* Data section
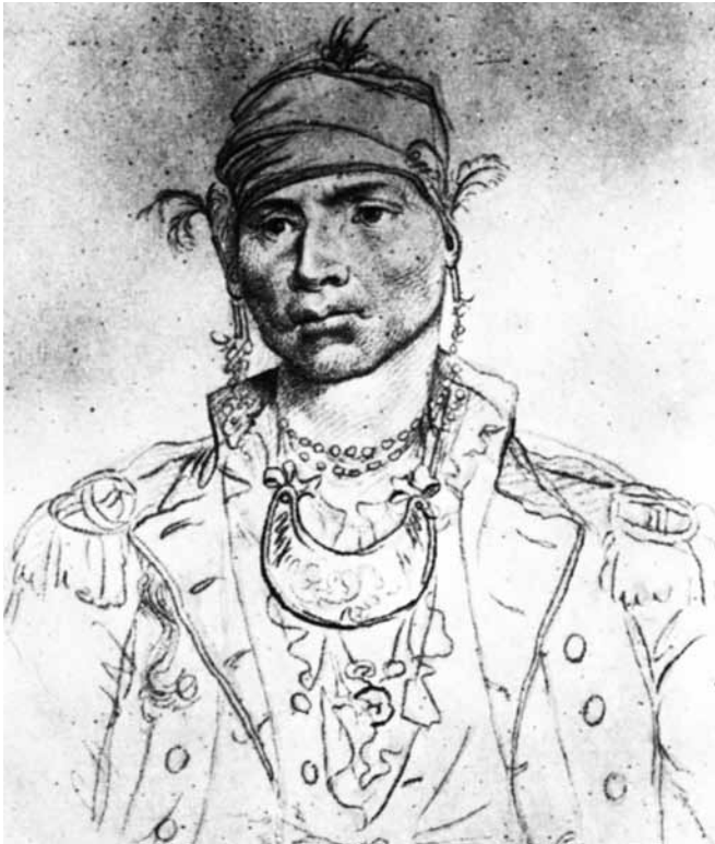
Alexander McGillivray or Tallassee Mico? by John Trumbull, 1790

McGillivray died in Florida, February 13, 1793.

==

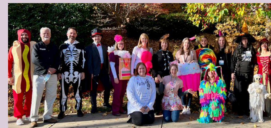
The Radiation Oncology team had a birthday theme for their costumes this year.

* Aim of the task
Report every line in the data that holds "McGillivray", copying each one.

* Response to the task
Alexander McGillivray or Tallassee Mico? by John Trumbull, 1790
McGillivray died in Florida, February 13, 1793.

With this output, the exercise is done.